Type II error is often important, too. We could also consider situations when we would like to minimize $\Pr(\textrm{retain }H_0 \mid H_1)$.

Power function: returns the probability that we reject the null given that the true parameter is $\theta$, or $\beta(\theta) = \Pr(\textrm{reject } H_0 \mid \theta)$
- We want power to be large when $\theta \in \Theta_1$ and low when $\theta \in \Theta_0$
  - $\beta(\theta) \leq \alpha$ when $\theta \in \Theta_0$ by definition
  - Assuming we’re still in the Neyman-Pearson framework
- Confusingly, $\beta$ is often used as the parameter of interest in regression

When testing, we create a test statistic $T$, where we reject $H_0$ if $\mid T \mid > c$ and retain $H_0$ if $\mid T \mid < c$.

$c$ is the critical value of the test.

What do we do when $T$ is discrete and $T = c$? To be consistent with the framework, we would have to randomly choose with certain probability (not necessarily a fair probability) to keep Type I error rate less than $\alpha$.

We often redefine retention to be $\mid T \mid \leq c$ to avoid the above problem.

Simple and composite null

Simple null: $\Theta_0$ contains only one element
- I.e., $\Theta_0 = \theta_0$
- Very rarely should be literally interpreted as equality in practical science
- E.g., if testing for difference in average test scores between two groups, whether they’re exactly the same is often not important, as only a large difference would be a cause for concern
- Thinking of the null hypothesis as $H_0: \mid \theta - \theta_0 \mid \leq \epsilon$ may be more useful
Composite null: $\Theta_0$ is a set with more than one element
- E.g., greater than or less than null hypotheses
Aside about data collection and significance
- If you collect enough data, you can often reject the null due to spurious correlations
- The field of psychology warns researchers against these statistically significant but incidental artifacts in large data sets

Solving for the critical value

Solving for $c$ is a fairly standard STAT 110 problem. We only need to find $c$ such that $\Pr(\mid T \mid > c \mid \theta_0) = \alpha$.

Ex: One sample $t$-test.

Let $Y_j$ be i.i.d. Normals with mean $\mu$ and variance $\sigma^2$. We have $H_0: \mu = \mu_0$ and $H_1: \mu \neq \mu_0$.
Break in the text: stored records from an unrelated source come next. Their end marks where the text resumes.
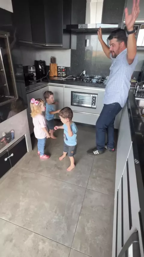 Enquanto o pai lava a louça os trigêmeos dançam #diadascriancas #criancas #trigemeos #danca #deciovitoriaedante
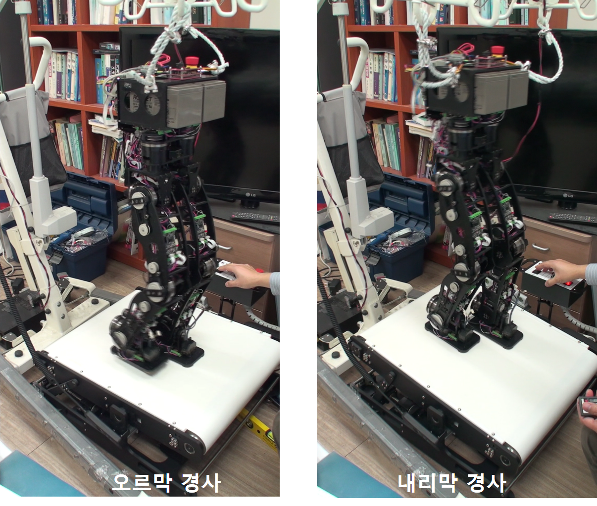- 김정엽 교수팀이 개발한 SUBO-1 이라는 이족 보행 로봇과 실시간 경사 조절이 가능한 런닝 머신을 이용하여, 본 연구에서 제안된 제어 전략의 성능을 실험적으로 검증하였다.
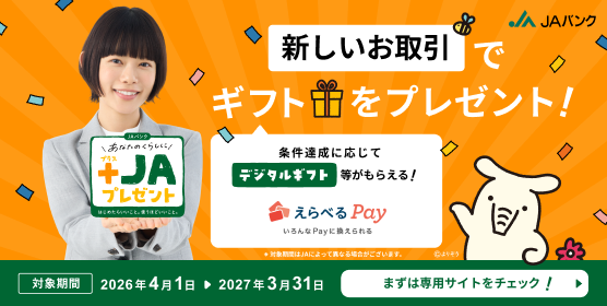 ★JAカードご入会サンクスプレゼント★JAカードのご入会とご利用で最大12,000円相当のポイントをプレゼント致します!!詳細は、バナーをクリック!!
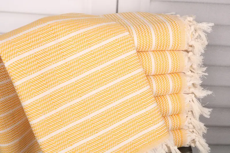 Constructed from organic Turkish cotton, the 40x71 inches mustard cotton towel ensures superior absorbency and soft texture. Characterized by a weight of 440 grams and dimensions of 100x180 cm, this beach towel adheres to hand-weaving tolerances of 1-2.5 cm, ensuring precise sizing. Providing customization options such as embroidery and monogramming, the towels are pre-shrunk and shipped within 2-5 days. Delivery is managed through DHL Express, FedEx, and UPS, with returns accepted within seven days for non-personalized items.
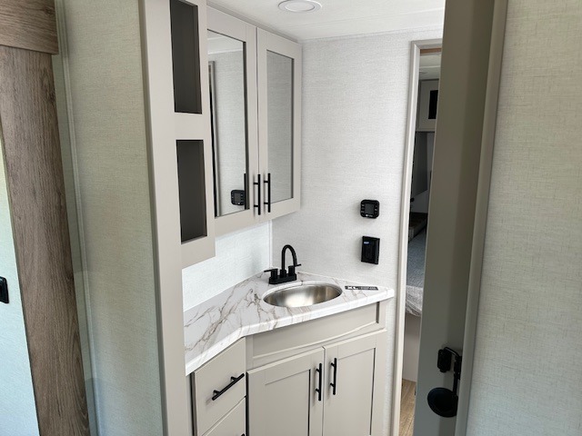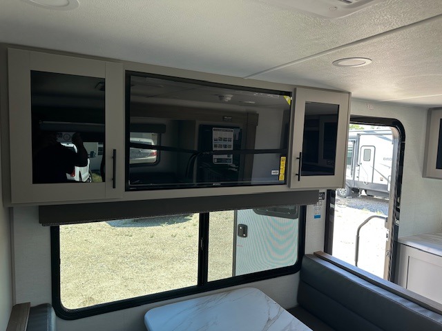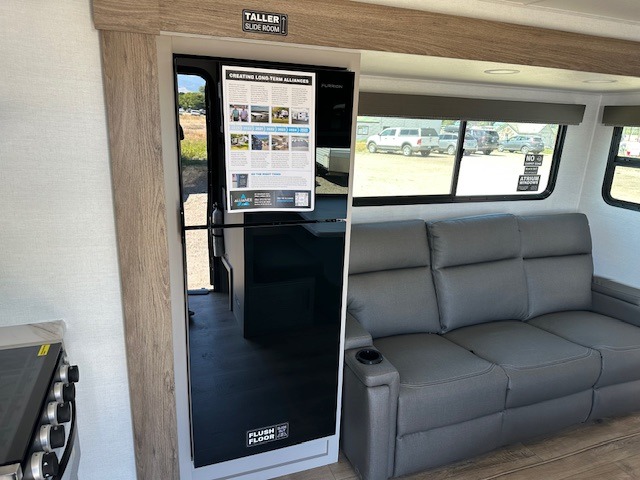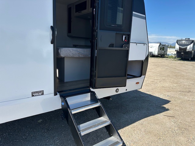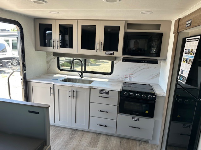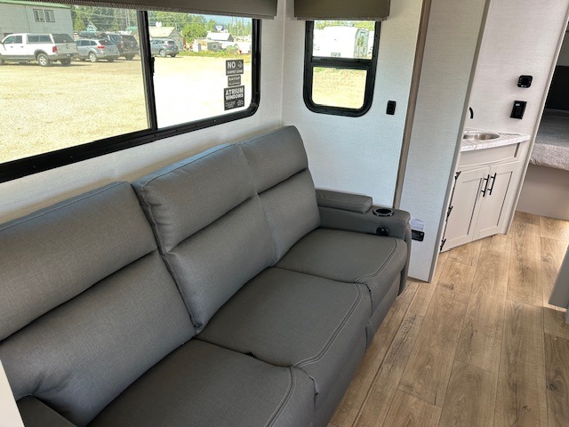 You'll love camping in this rear kitchen travel trailer with generous counter space and overhead storage for spices, dishes, and more. You can dine each day at the booth dinette or relax on the sofa slide out, which will provide more floor space. The spacious walk-thru bath includes a 30" x 36" shower, toilet, and vanity so you can clean up each day. Head to the front master bedroom where you can sleep soundly on the walk-around queen bed with dual nightstands and wardrobes. The second entry door is also found in this room so you can slip out for an early morning run!
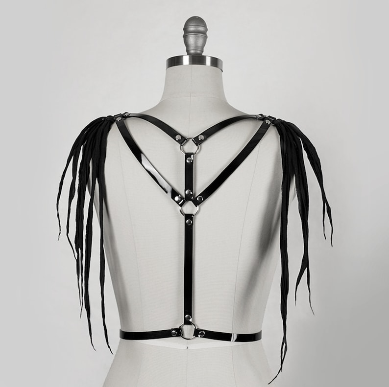 - WRAITH SHOULDER HARNESS - Post Apocalyptic Harness Belt - Pvc Vinyl - Shredded Gauze - Gothic Wraith Fashion - Deathrock - Wasteland
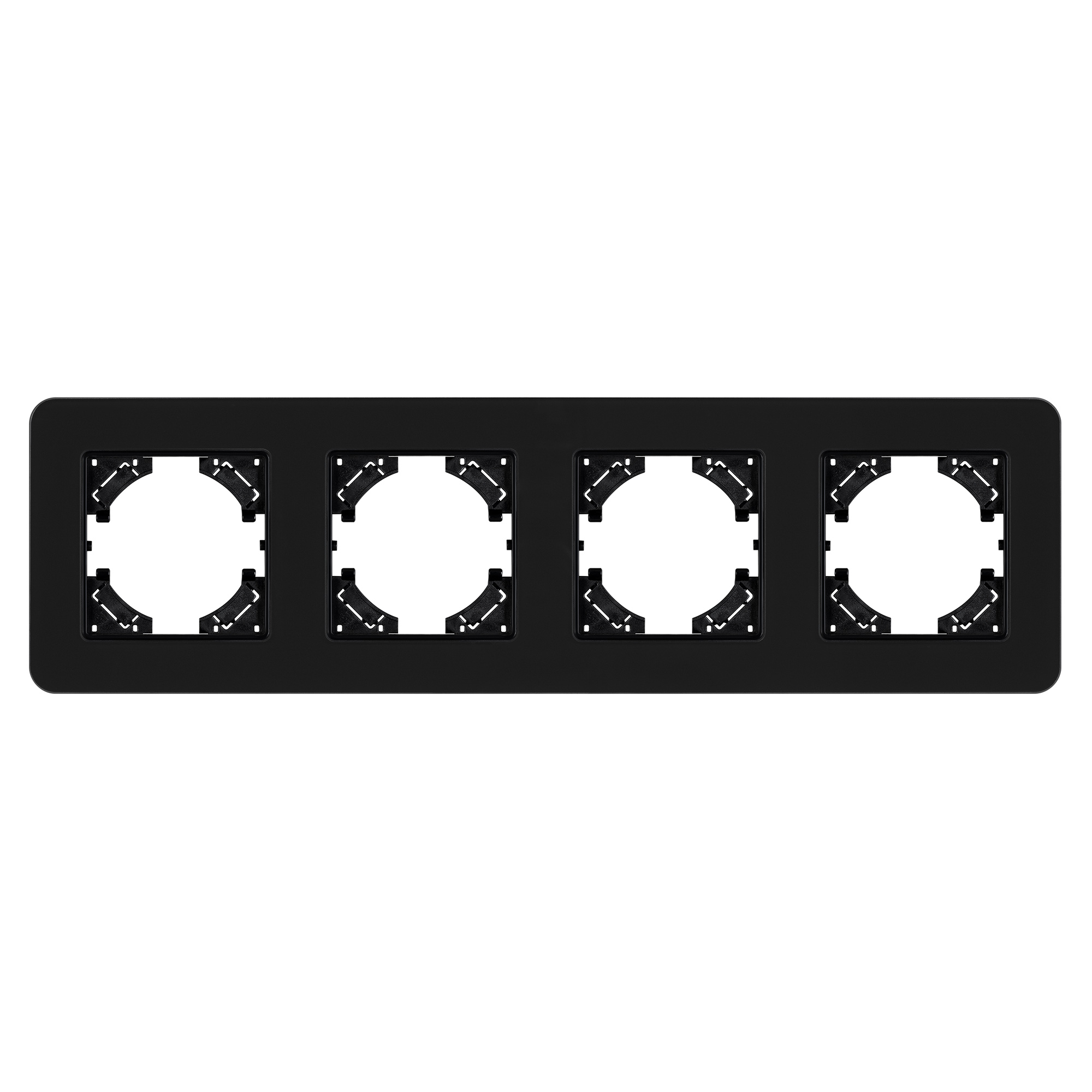 Рамка стеклянная на 4 поста, под встраиваемый механизм. Цвет - черный с Soft-Touch покрытием. Уровень герметичности IP20. Ориентация монтажа - горизонтальная (основным ориентиром служат посадочные выступы для накладки механизма).
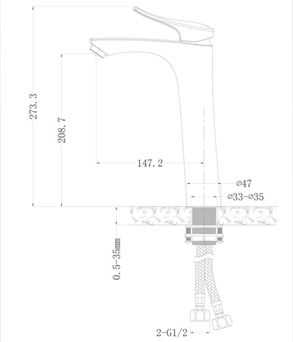 Vòi cao 273 mm, đường kinh 42mm, phù hợp với các loại Lavabo nổi, Lavabo tô hoặc Lavabo âm bàn.
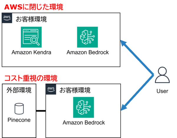 InfoWeaveでは、RAG検索用のベクトルデータベースとしてPinecone, Knowlege Bases (Amazon OpenSearch Serverless), Amazon Kendraを選択可能としており、以下のように目的に応じてお客様に最適なLLMとベクトルデータベース組み合わせを選んでいただけることが魅力の1つとなっています。
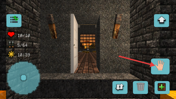 3、游戏关卡内,操控角色(界面有虚拟摇杆、互动按键等),点击手掌图标可互动,探索建筑推进剧情。
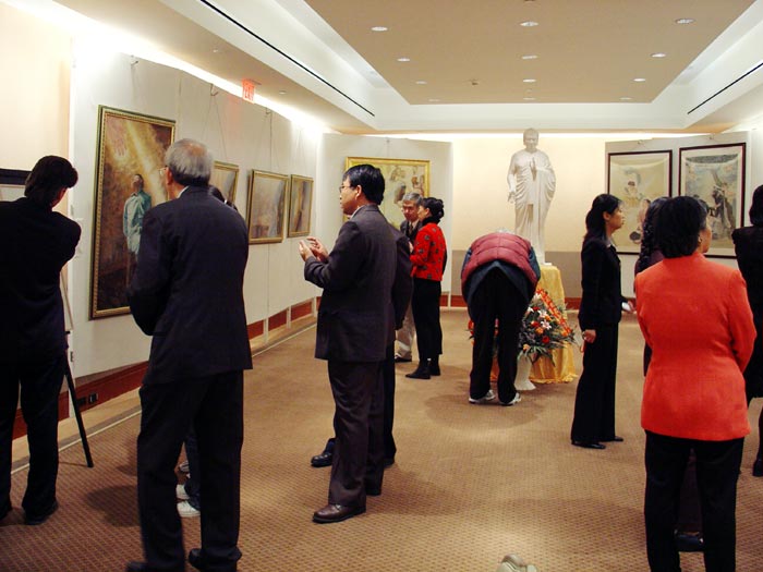 在酒店二层华盛顿和汉密尔顿大厅,参观者有幸观赏画展。“坚忍不屈的精神”画展陈列在汉密尔顿大厅,正中是著名雕塑家张昆仑的作品——佛像,大厅四周陈列着15幅作品,主要是油画和粉蜡画。画家汪卫星、王志平专程赶到波士顿参加画展,其中展出了他们的作品共9幅。
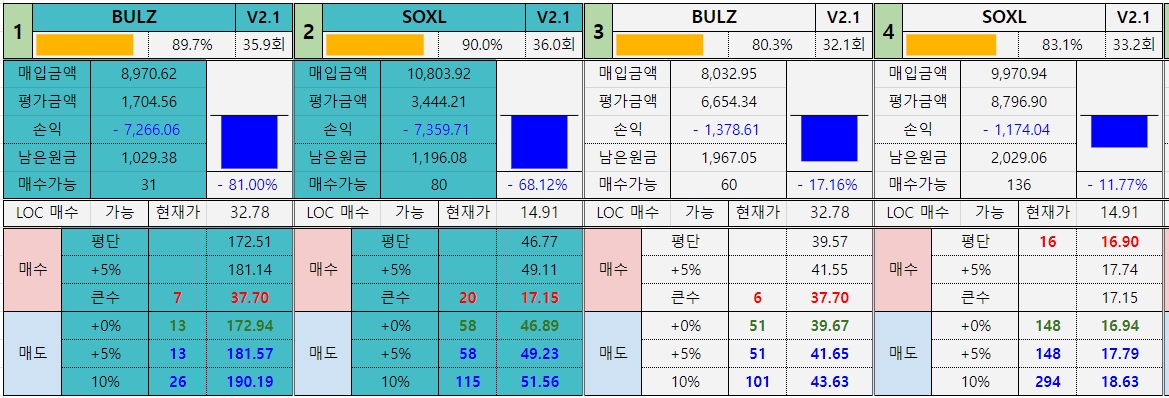 *진도율 2 : BULZ(S1) : 80.3%, SOXL(S1) : 83.1%
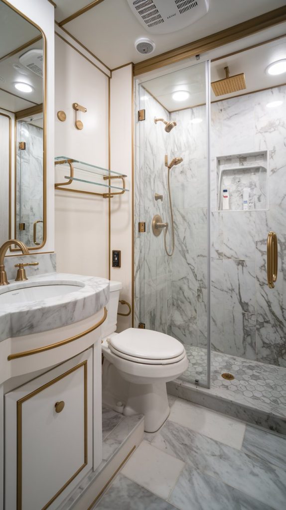 Gold accents can add a touch of glamour to any RV bathroom. This design features gold fixtures, a gold-framed mirror, and gold accessories. The luxurious and opulent elements create a high-end feel.

We can use $T = \sqrt{n}\frac{\bar Y - \mu_0}{\hat\sigma}$ as our test statistic. This is a standard Normal under the null. Intuitively, if $\bar Y$ is far from $\mu_0$ (and $T$’s magnitude is large), it would seem like the null should be rejected.

Under the null hypothesis, $T \sim t_{n - 1}$ ($t$ distribution with $n - 1$ degrees of freedom). We can write $1 - \alpha = \Pr(\mid T \mid \leq c)$. Because of the symmetry of $t_{n - 1}$ and our null, we can write

\[\alpha = P(\mid T \mid \geq c) = 2 P(T > c) \to 1 - \frac{\alpha}{2} = \Pr(T \leq c),\]

where $c$ is easy to find from the quantile function of the $t_{n - 1}$ distribution.